--- PROMPT ---
Could you write out, exactly as they stand, only the lines in the listing below from the line with "Panasonic ¥¨¥¯¥¹¥Æ¥ê¥¢¡¦¥¢¥¦¥È¥É¥¢ LGW85216K" to the line with "Diese mittelschwere Vlies-Decke", both ends included, without the pictures?

--- EXCERPTED DATA ---
-- Opening Marker --
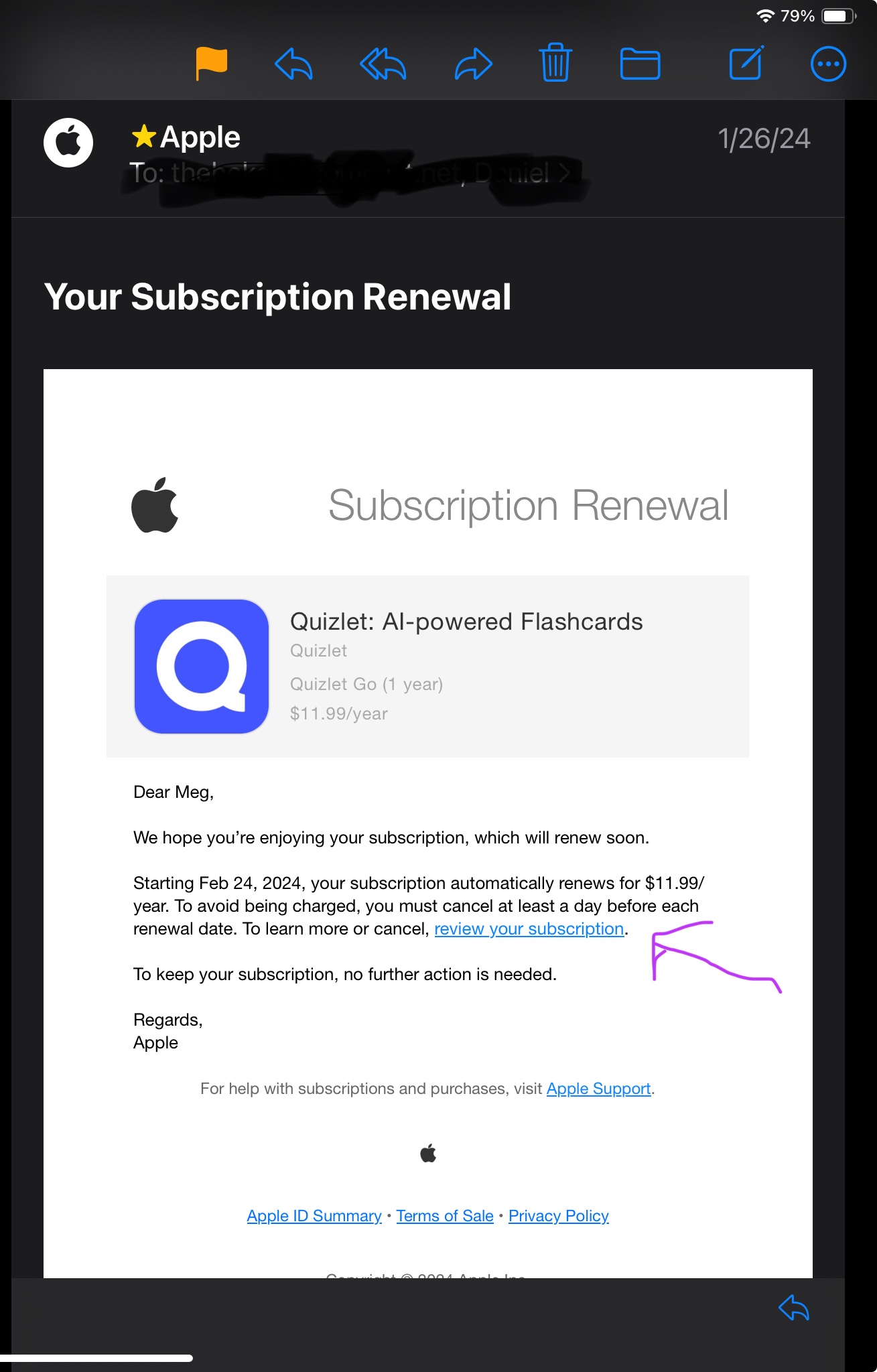 The problem is, the link in the email doesn’t work. It does not take me to the subscription. Also, none of our family members show a subscription in our iCloud accounts or App Store purchases. Does anyone have any ideas how to track down this subscription? When I contacted QUIZLET they stated that purchases through the Apple App Store need to be resolved through Apple. I am now stuck in a circular function. I welcome any ideas to cancel before the subscription renews.
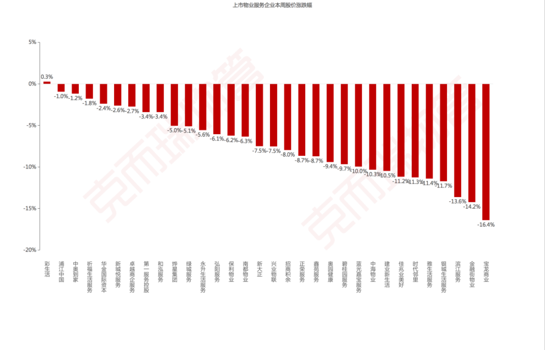 本周物业管理板块整体呈现下降趋势,32家企业仅有彩生活1家企业股价呈微弱上升趋势,平均跌幅达7.27%。
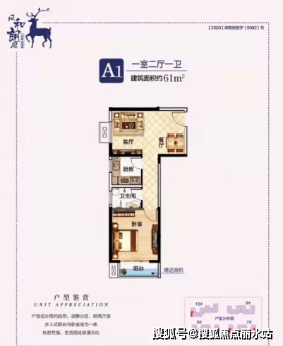 建筑面积约61平一房两厅一卫:
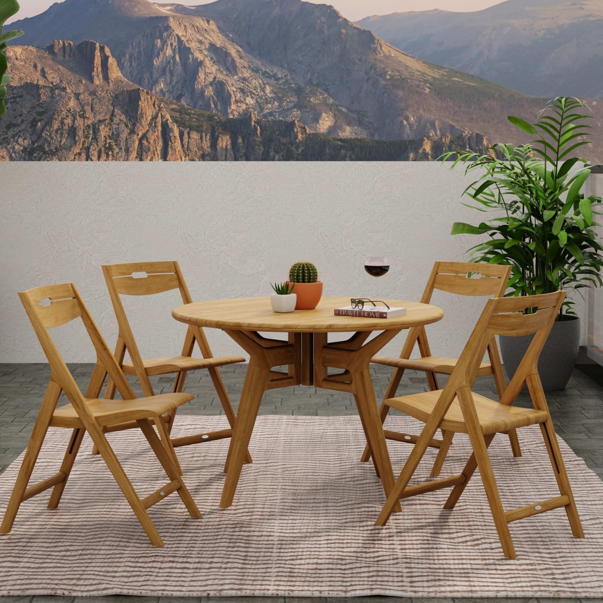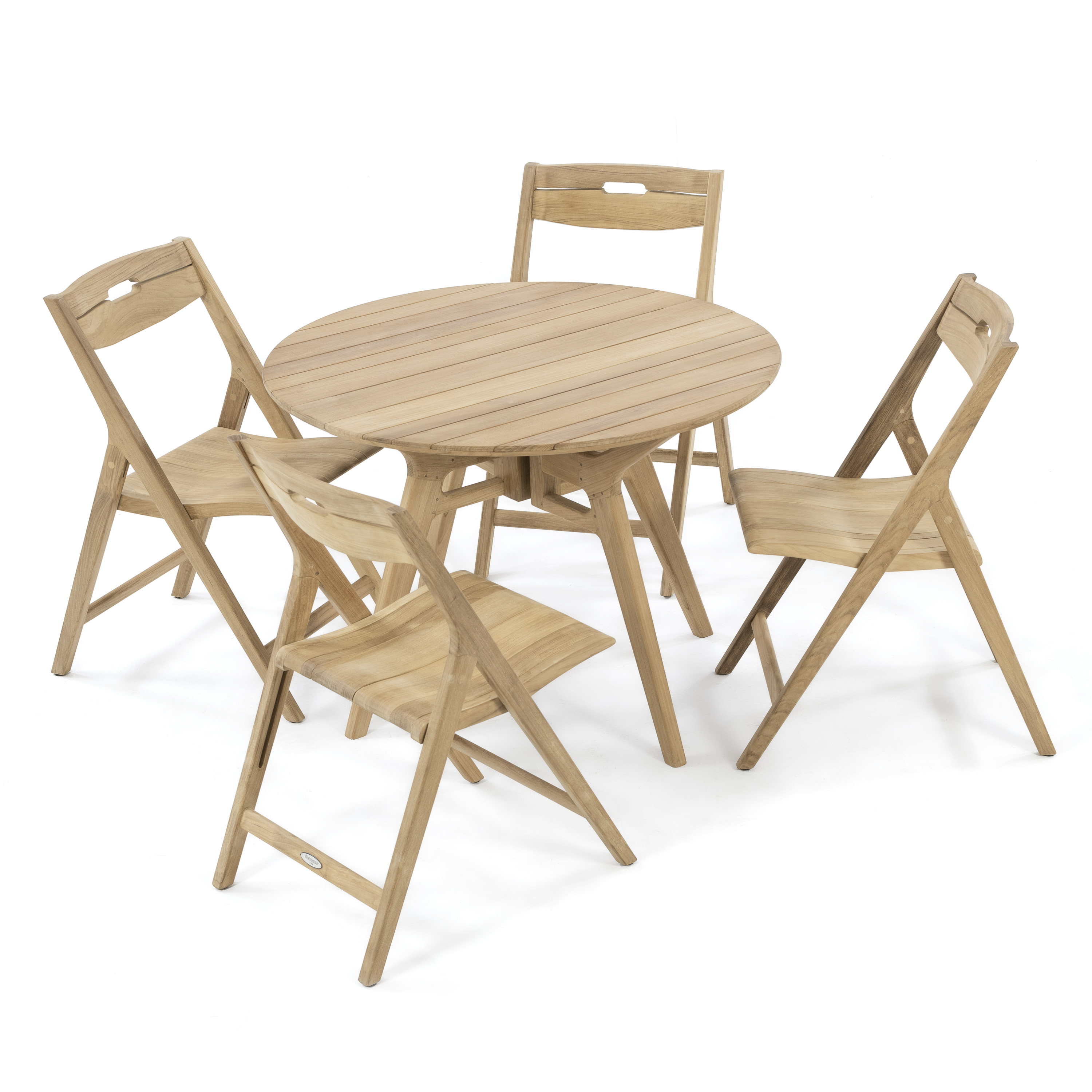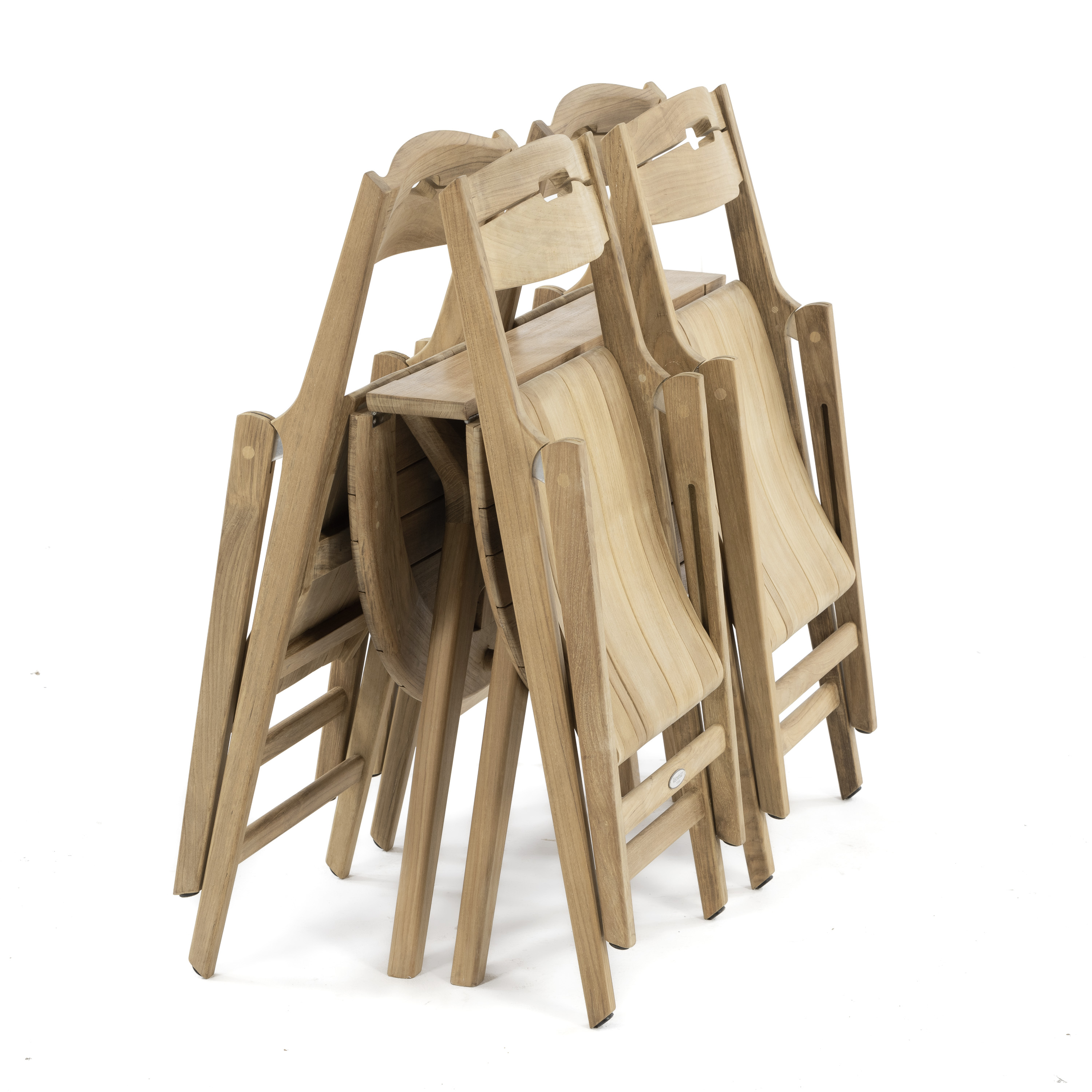 With clean lines and welcoming curves, the Surf Round 5 piece Dining Set is immediately appealing. First impressions hardly reveal that the exceptionally comfortable Surf chairs fold effortlessly. Generously scaled and visually robust, the chairs are relatively lightweight yet structurally strong given their solid teak stature. The Surf Round Table draws inspiration from Scandinavian architecture, lending it a light and airy appearance. Its irresistibly smooth tabletop makes it an excellent choice for the indoors, though it is more than robust to endure the test of time and the outdoors. Part of the Surf Collection.
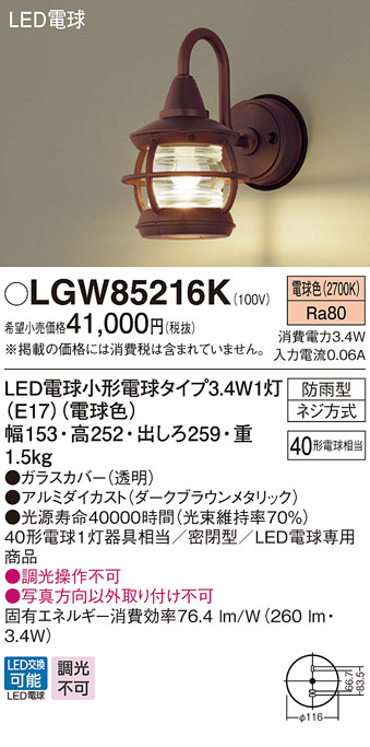 Panasonic ¥¨¥¯¥¹¥Æ¥ê¥¢¡¦¥¢¥¦¥È¥É¥¢ LGW85216K
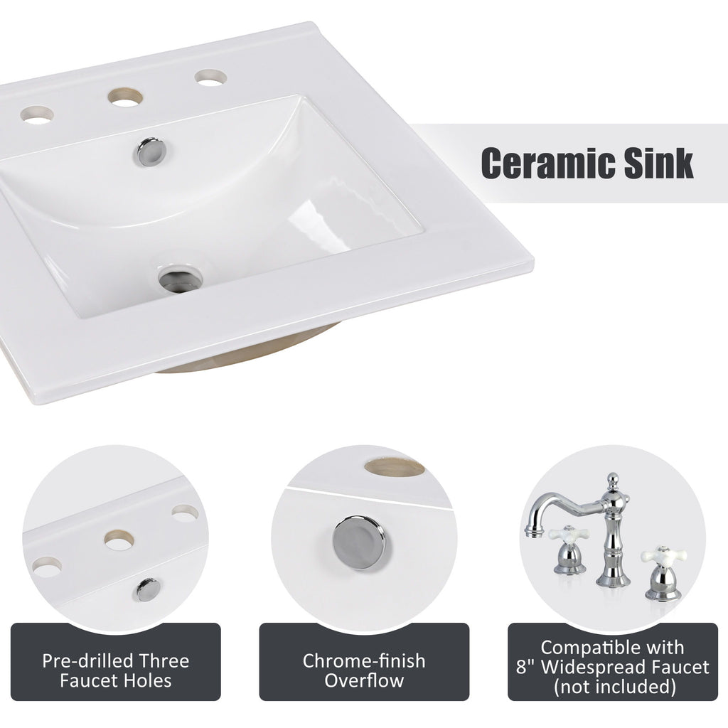 - Smooth Ceramic Sink: Our bathroom basin sink is made of solid ceramic with smooth and water-proof finish, which hardly leaves water stains. The pre-drilled three holes on the top is available to 8" faucet (not included). Besides, the overflow with metal c
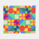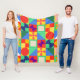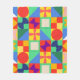 Diese mittelschwere Vlies-Decke hat ein Bauhaus-Design von Quadraten mit ungewöhnlichen Formen im Inneren, wiederholt über das Design.
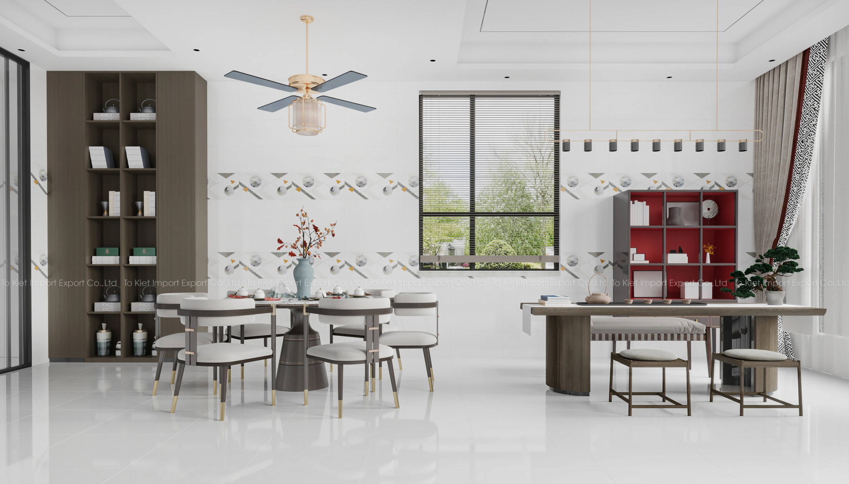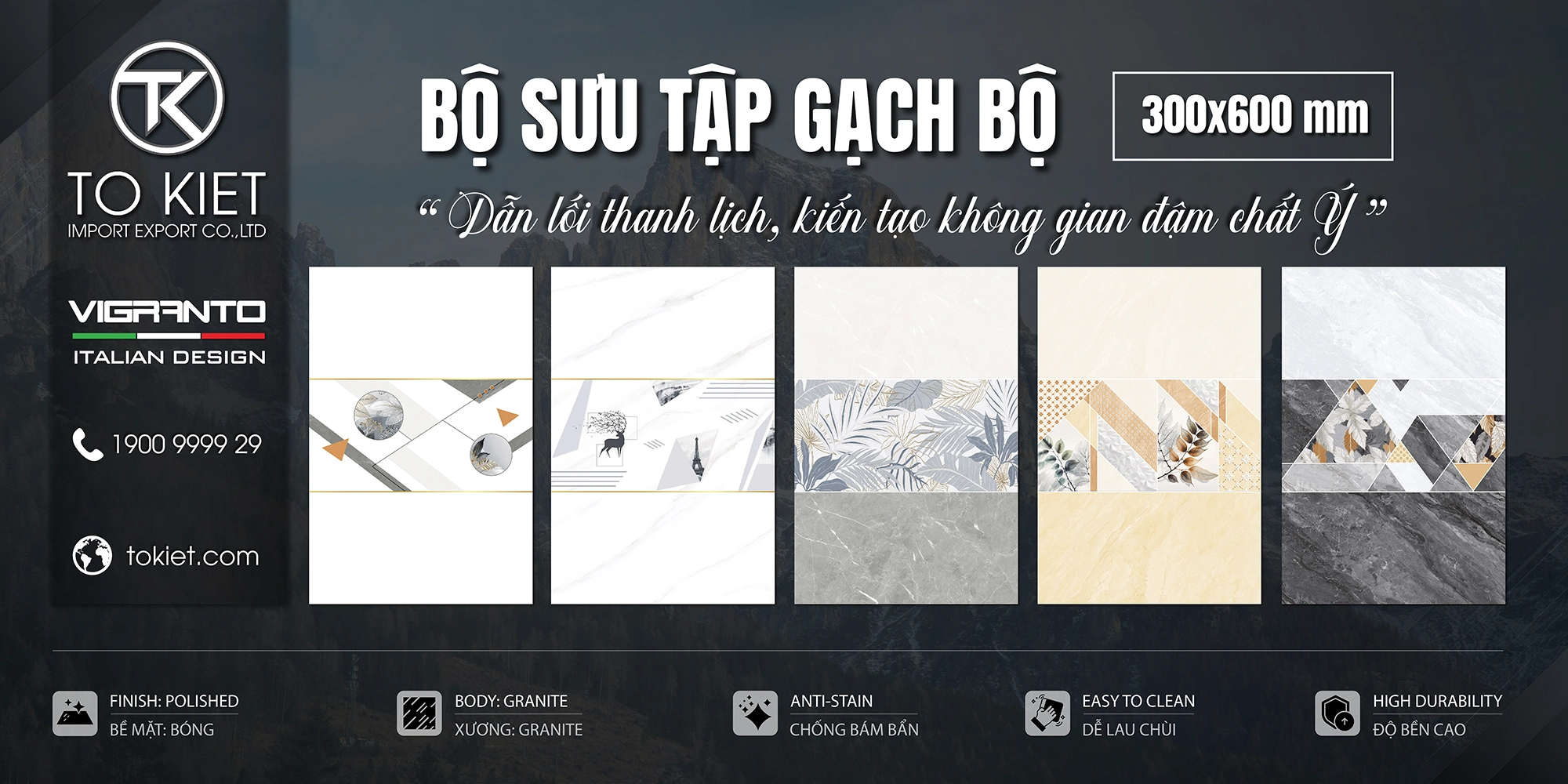 - Dễ vệ sinh – Bền màu - Chống bám bẩn theo tiêu chuẩn gạch ốp lát chất lượng cao.
-- Closing Marker --
--- SOLUTION ---
 Panasonic ¥¨¥¯¥¹¥Æ¥ê¥¢¡¦¥¢¥¦¥È¥É¥¢ LGW85216K
 - Smooth Ceramic Sink: Our bathroom basin sink is made of solid ceramic with smooth and water-proof finish, which hardly leaves water stains. The pre-drilled three holes on the top is available to 8" faucet (not included). Besides, the overflow with metal c
 Diese mittelschwere Vlies-Decke hat ein Bauhaus-Design von Quadraten mit ungewöhnlichen Formen im Inneren, wiederholt über das Design.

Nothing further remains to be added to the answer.